Does it really need to be said yet again that CIS and Berkman both get funding from Google?  And that Professor Samuelson’s interests are as close to Google’s interests as one is to two or that Professor Sprigman conducts Google-sponsored research?  For example, statutory damages for copyright infringement has long been an attack point of Big Tech and we get a preview of where they want it to go in Pamela Samuelson’s “Copyright Principles Project”–essentially abolished–like the controversial Music Modernization Act, another example of fake “unity.”

The Teachable Moment:  Take A Pass in Future

The result of participating in a project where Sprigman controlled the pen was knowable simply based on who was involved.  So why would anyone bother with these people and their Restatement of Copyright?  I bet the insurance lawyers are asking themselves the same thing about the Restatement of Liability of Insurance Law.

Did anyone really need to know of Samuelson’s 2013 letter or Sprigman’s 2014 proposal to have guessed that these people were not interested in the ALI’s founding principles, were agenda-driven and were unlikely to consider the interests of professional creators that drive our industry?

This is why the idea that there can be unity between the anti-copyright forces and the creative community is a farce.  I don’t know how many times these efforts have to blow up for people to understand that it is not worth engaging if you see certain names involved because the effort is not genuine.
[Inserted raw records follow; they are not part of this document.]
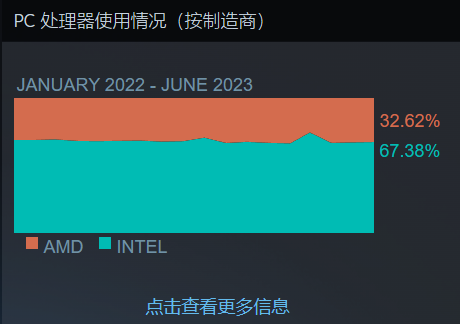 至于市场占有率方面,IU占比高达67.38%,AU仅有32.62%。看来苏妈还要加把劲,让玩家用上更便宜的Intel。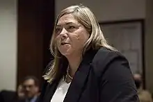 Kristin E. Kassner (born November 22, 1978) is a current member of the Massachusetts House of Representatives for the 2nd Essex District.[1] In 2022 Kassner challenged incumbent Rep. Lenny Mirra. After the initial counting of votes, Kassner lost the election by 10 votes. However, following a hand recount, totals shifted to reflect a one-vote victory for Kassner.[2][3][4][5] Following litigation, appeals, and a review by a special committee of the House of Representatives, Rep. Kassner was sworn in by Governor Maura Healey on Friday, February 3, 2023.[6][7][8]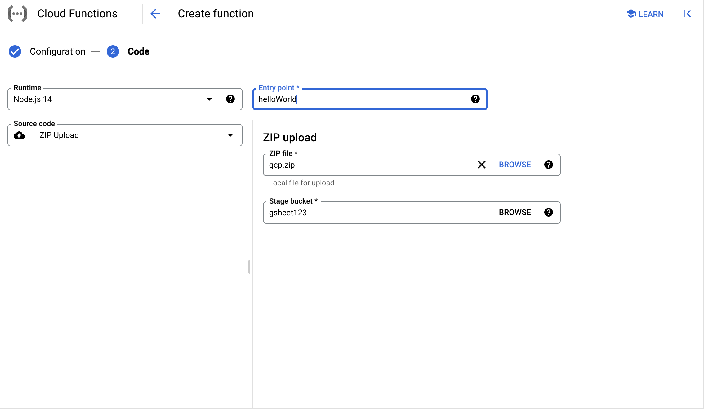 - The next step is to select "runtime" as "Node.js 14x" and then Select "ZIP Upload" in source code, after that name Entry point function as "helloWorld", in ZIP uploade select zip file and select stage bucket.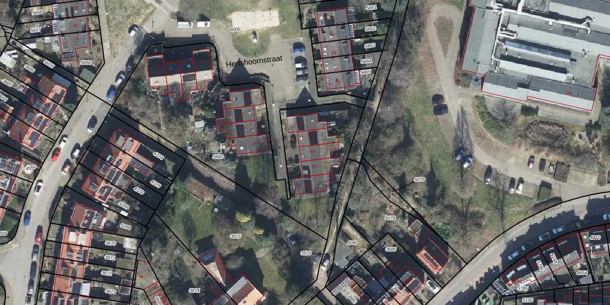 Het perceel waarop Hertshoornstraat 52 staat heeft een oppervlakte van 2386 m². Dit is een zeer groot perceel. De perceeloppervlakte wordt geregistreerd door het Kadaster. Gedetailleerde informatie over de maten van dit perceel kunt u vinden in het rapport Kadastrale kaart met maatvoering van Hertshoornstraat 52.

Setting aside the potential corruption (which is a question across the board for the ALI in both the copyright and other restatement debacles), this is a teachable moment.  If anyone in the creative community is approached to participate in these things, do not believe that participation is worth it “to have a seat at the table” or any of the other metaphors for having your name used, abused and ignored in the final work product of whatever it is.  That this process repeats itself is almost as irritating as our lobbyists saying they are “friends” with the other side, that they are “fond” of an opponent.  If our people were in the room when those “fond friends” were discussing them, trust me–these “fond friends” do not return the affection.  They are not your friend and they are not fond of you.  And as Rogers & Hart wrote, unrequited love’s a bore.

Let me be blunt:  They are screwing you, get it?  And to be blunter still–there’s something to that.  These people are not stupid, they can see a sucker stepping up to the thimblerig.

So if you’re going to keep showing up for their tricks, do not cry about it afterwards.  There’s one answer when that call comes in–pass.

Embrace the Apocalypse.  There is no “unity.”  Or you can buy Bitcoin futures from the Winklevoss Twins.